The official rejected as "fuzzy thinking" proposals to scale back U.S. forces and limit their mission to training Iraqis, searching for militants and supporting the Iraqi military.

"If you're just fighting for your survival, you might as well go home," he said.

In trying to gauge progress, U.S. officials have put far too much weight on the major pieces of legislation aimed at reconciliation, the official said.
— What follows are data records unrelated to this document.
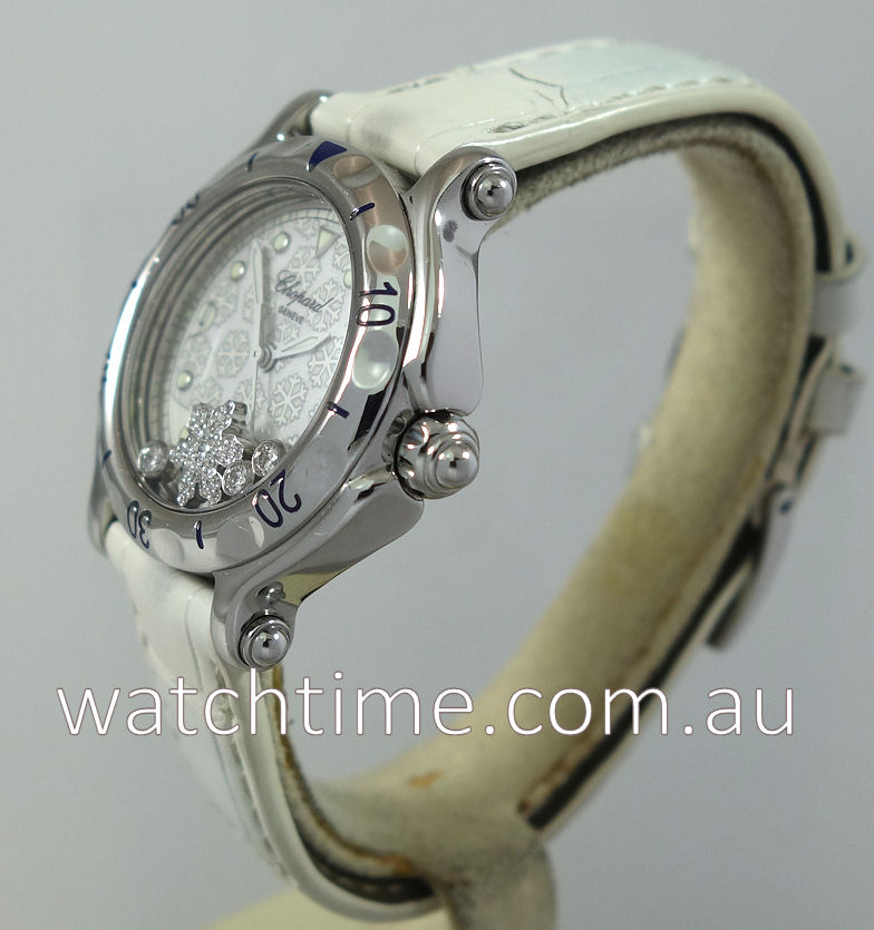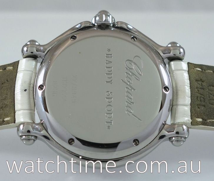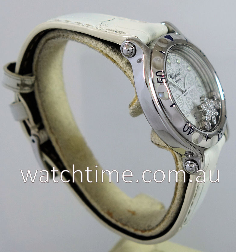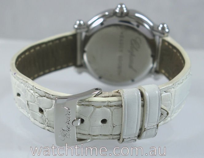 | Band | White Croco-leather and steel in buckle by Chopard. |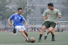 在17日傍晚舉行的教官與軍訓團一二三營的足球友誼賽中,教官們體現出了“班長”的風度,踢得十分小心,氣氛融洽;同學們則是年輕力盛、精力充沛,踢得非常精彩。在第二節(jié)與計信學院的比賽中,當有學生在拼搶中摔倒時,教官們都寧可放棄運球,回過頭來攙扶學生,觀賽同學則以熱烈的掌聲為友誼喝彩。比賽結束,商學院一粒進球,計信學院3粒進球,經濟學院1粒進球,最終,教官0:5負于學生。但教官們的風度卻令全場折服。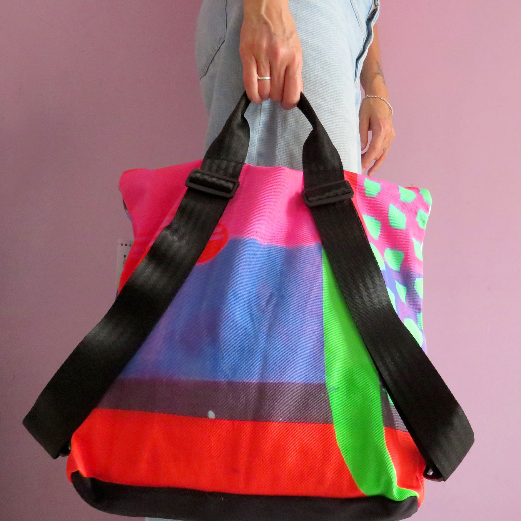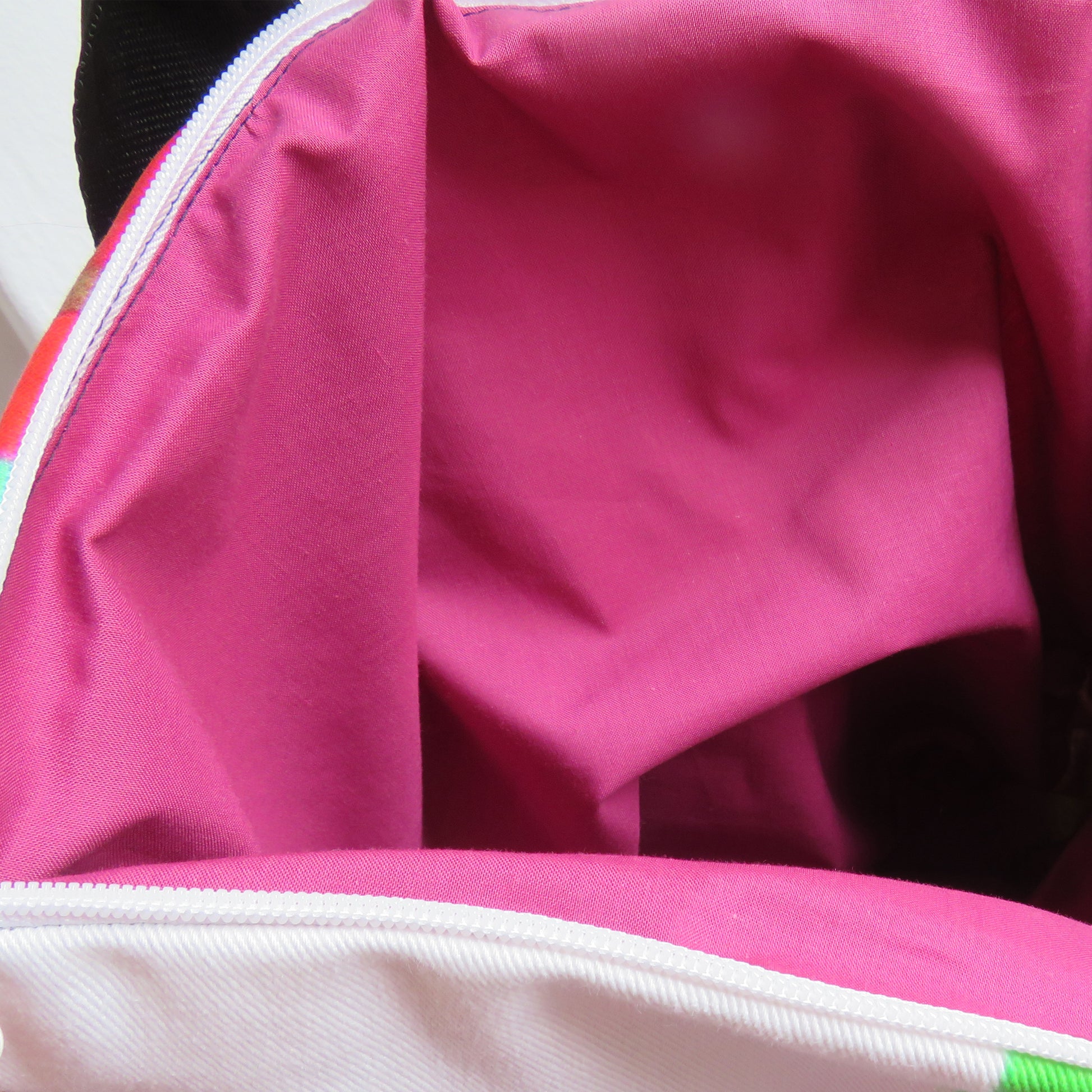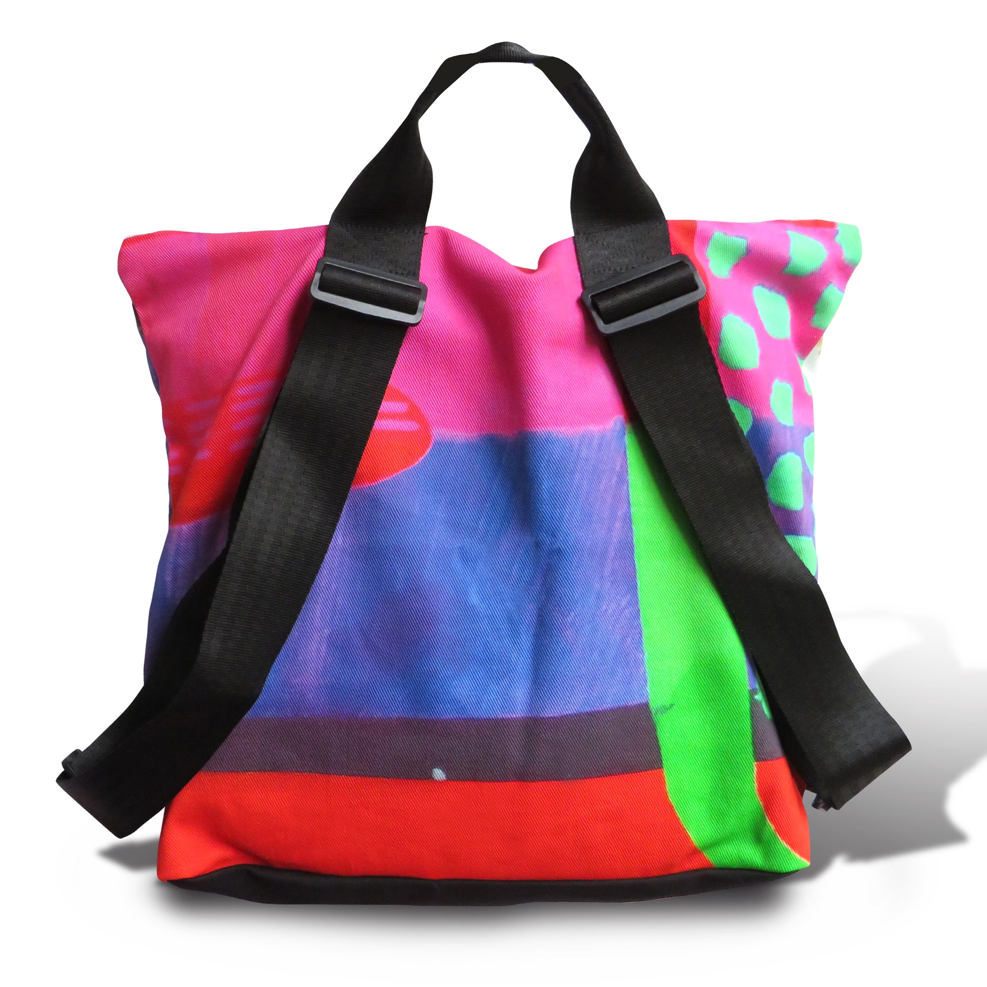 Zaino in cotone 380 gr, bretelle regolabili, chiusura superiore con cerniera, fodera interna, 45cm x 45cm circa.
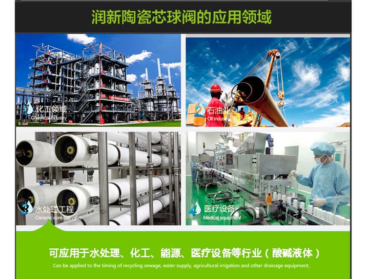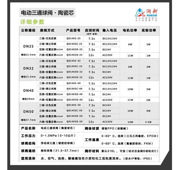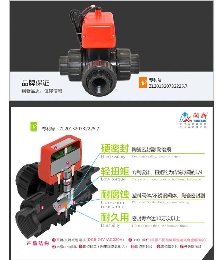 润新(RUNXIN)陶瓷芯电动三通球阀采用高性能氧化铝陶瓷阀芯,硬度高达HRA≥85°,具备优异的耐磨性、耐腐蚀性和密封性能,使用寿命超过10万次。产品广泛应用于水处理、化工、能源、医疗设备等行业,适用于空气、臭氧、油类、海水、盐水、废水、污水、双氧水、酸碱液(如盐酸、硫酸、氢氧化钠)等多种腐蚀性介质。 该系列电动三通球阀为L型流道设计,支持两种工况切换:AC通BC不通,或BC通AC不通,AB始终关闭。提供多种控制模式:二线制(正负反接)、三线制(公共线控制)、五线制(带DC24V位置反馈)、六线制(带AC220V位置反馈),满足自动化系统集成需求。 启闭时间短,DC12V/24V下仅需7.5秒,AC220V下为12秒。阀体采用增强PPO材质,耐酸碱腐蚀;阀杆默认为316L不锈钢,可选哈氏合金B/C以适应强腐蚀环境。工作压力0-1.0MPa,工作温度0-60°C,密封材料可选EPDM或FKM氟橡胶,防护等级达IP65。 产品型号包括Q91403-25/-32/-40/-50(直流)及Q91405D系列(交流),公称通径DN25至DN50,部分为缩径设计。凭借专利低扭矩结构设计,启闭扭矩仅为传统球阀的1/4,运行更平稳节能。 润新陶瓷芯球阀已获得国家专利(ZL201320732225.7),在密封性、耐用性和可靠性方面显著优于传统不锈钢球阀和电磁阀,是高腐蚀、高磨损工况下的理想选择。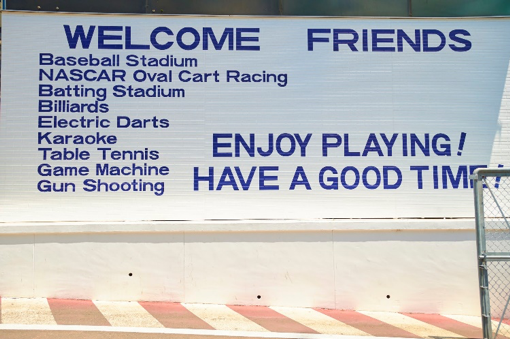 SNSで「大慶園」と検索すると、よく出てくるのがこの壁。人気の撮影スポットでもあるこちらは、バッティングセンターやクレーンゲームなどが入る建物です。アイスクリームやポップコーンを片手に撮影し「♯アメリカ旅行中」とハッシュタグをつけても、これ、バレないかも……?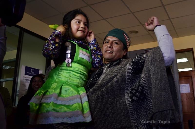 José Wenuche a la salida del juicio el día 21 de octubre de 2015 junto a su pequeña hija Llanka. Foto: Camilo Tapia.

Those measures, he continued, "are going to be the hardest ones to deliver on."

But Iraq could demonstrate progress in other ways, the official said, including naming a new Cabinet -- thus replacing Maliki's often feuding ministers with a slate of nonpartisan technocrats who could earn wide public confidence.

For the benchmark goals sought by U.S. officials, little time remains.

Legislation on managing the Iraqi oil industry and sharing revenue was considered a good prospect for passage before the July 31 recess, but it has not been brought up for debate.

The legislation appears to stand little chance of passage because of opposition from Kurdish, Sunni Arab and some Shiite political parties.

In the first hint of political progress in several weeks, the 30-member bloc of lawmakers loyal to radical Shiite Muslim cleric Muqtada Sadr announced Tuesday that they would end their boycott of parliament.

The boycott began after the June 13 bombing of the Golden Mosque, a revered Shiite shrine in Samarra, north of Baghdad.

Also Tuesday, an official from the Iraqi Accordance Front, the main Sunni bloc, said its 44 lawmakers were expected to end their boycott soon.

The return of the lawmakers does not guarantee that any benchmark legislation will pass, however. Both of the returning blocs oppose the oil legislation.

Another of the benchmarks, legislation to end the exclusion of members of the former ruling Baath Party from government posts, has stalled.

A date for provincial elections, which are considered crucial for bringing more Sunni Arabs into governing roles, has not been set.

A fourth key benchmark, revising the constitution, will not be reached until the end of September, at the earliest.

Times staff writer Tina Susman in Baghdad contributed to this report.